**Your instructions**
Copy the records below line by line and word for word, from the very first line through the line with "驼色百褶半身裙蓝白色泡泡袖衬衫橘红色磨毛半身裙粉色灯笼袖衬衫 灰色毛呢半身裙", omitting each picture.

[Data records]
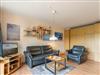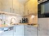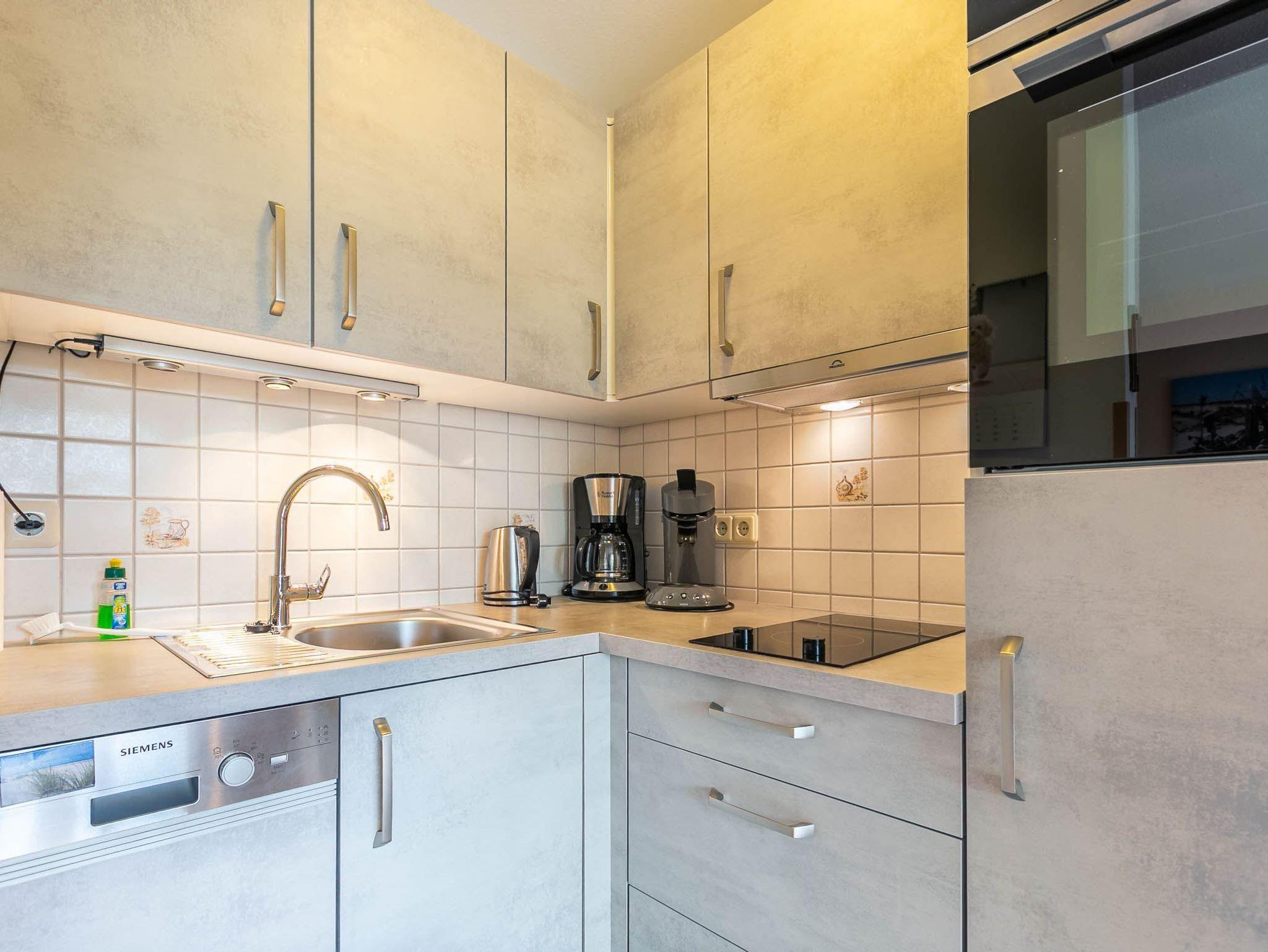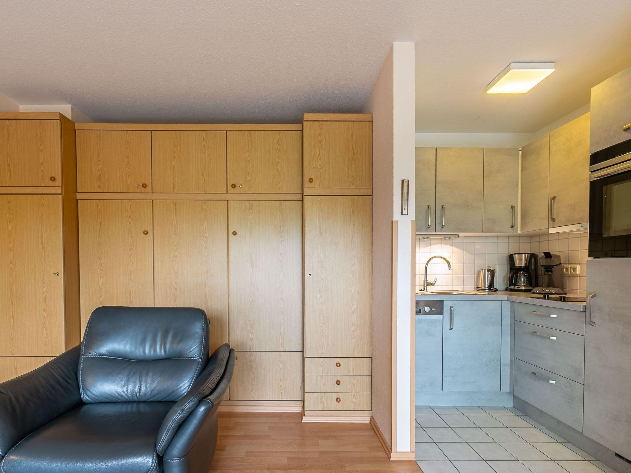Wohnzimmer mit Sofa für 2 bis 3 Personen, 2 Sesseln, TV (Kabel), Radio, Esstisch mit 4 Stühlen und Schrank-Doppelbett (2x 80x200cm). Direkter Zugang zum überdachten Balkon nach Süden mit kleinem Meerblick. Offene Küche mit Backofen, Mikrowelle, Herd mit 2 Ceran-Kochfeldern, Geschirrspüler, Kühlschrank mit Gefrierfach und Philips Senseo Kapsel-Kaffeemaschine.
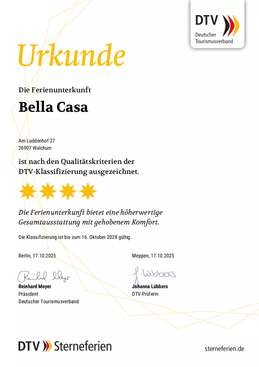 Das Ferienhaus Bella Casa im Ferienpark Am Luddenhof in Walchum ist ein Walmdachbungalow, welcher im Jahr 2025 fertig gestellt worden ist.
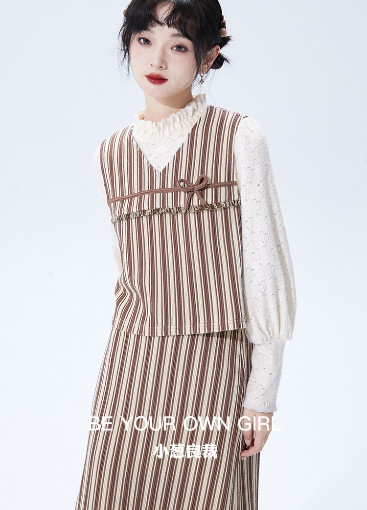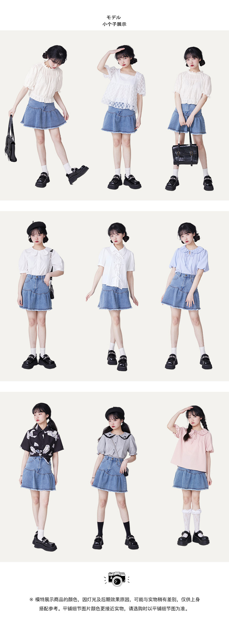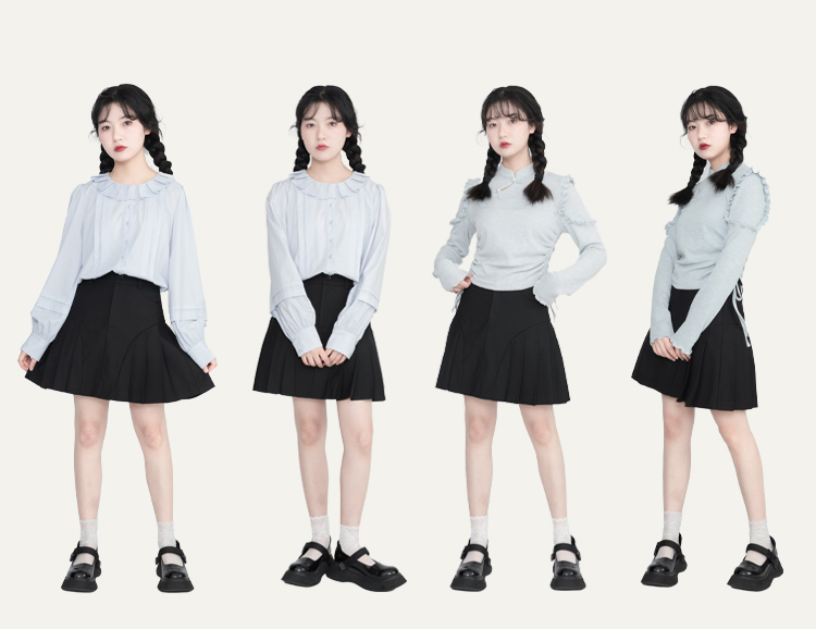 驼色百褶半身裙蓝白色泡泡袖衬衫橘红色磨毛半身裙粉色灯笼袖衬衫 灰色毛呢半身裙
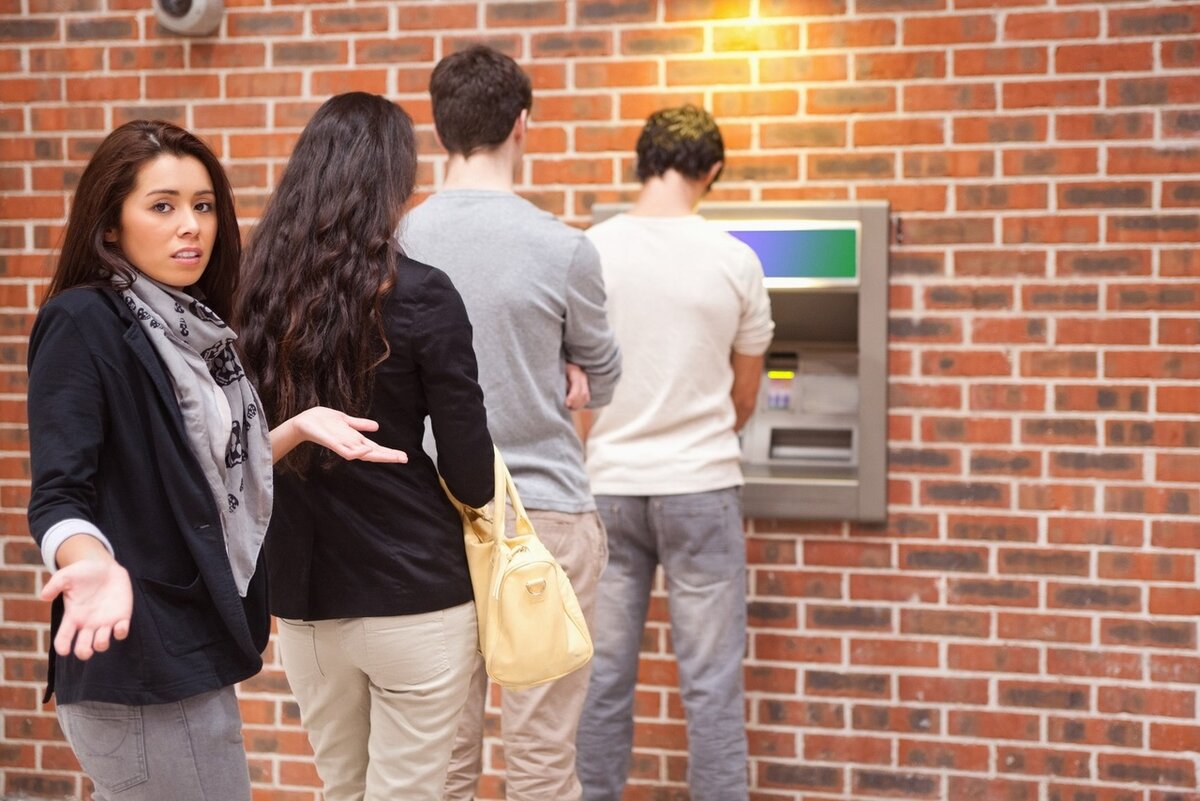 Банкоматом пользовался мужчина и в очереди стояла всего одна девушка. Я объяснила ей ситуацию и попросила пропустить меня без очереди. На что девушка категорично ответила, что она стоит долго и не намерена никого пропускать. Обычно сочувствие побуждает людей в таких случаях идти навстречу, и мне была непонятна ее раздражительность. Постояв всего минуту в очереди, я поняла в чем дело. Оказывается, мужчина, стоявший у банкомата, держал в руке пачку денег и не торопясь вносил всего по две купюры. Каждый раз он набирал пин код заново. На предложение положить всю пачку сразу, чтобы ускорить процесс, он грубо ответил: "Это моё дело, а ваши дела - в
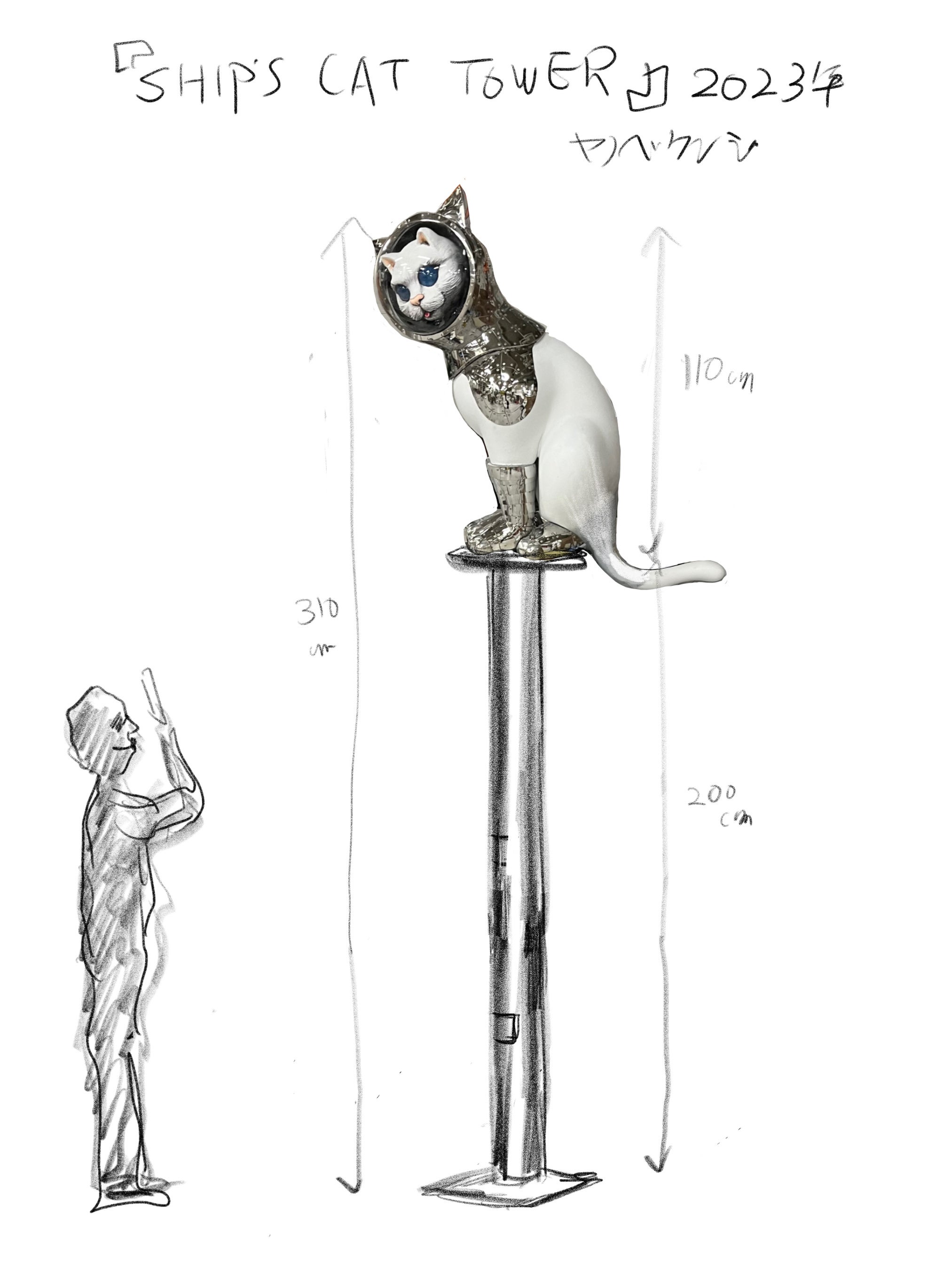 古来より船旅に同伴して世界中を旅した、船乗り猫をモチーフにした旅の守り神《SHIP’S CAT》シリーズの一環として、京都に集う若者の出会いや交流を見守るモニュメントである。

**Answer to this exercise**
Wohnzimmer mit Sofa für 2 bis 3 Personen, 2 Sesseln, TV (Kabel), Radio, Esstisch mit 4 Stühlen und Schrank-Doppelbett (2x 80x200cm). Direkter Zugang zum überdachten Balkon nach Süden mit kleinem Meerblick. Offene Küche mit Backofen, Mikrowelle, Herd mit 2 Ceran-Kochfeldern, Geschirrspüler, Kühlschrank mit Gefrierfach und Philips Senseo Kapsel-Kaffeemaschine.
 Das Ferienhaus Bella Casa im Ferienpark Am Luddenhof in Walchum ist ein Walmdachbungalow, welcher im Jahr 2025 fertig gestellt worden ist.
 驼色百褶半身裙蓝白色泡泡袖衬衫橘红色磨毛半身裙粉色灯笼袖衬衫 灰色毛呢半身裙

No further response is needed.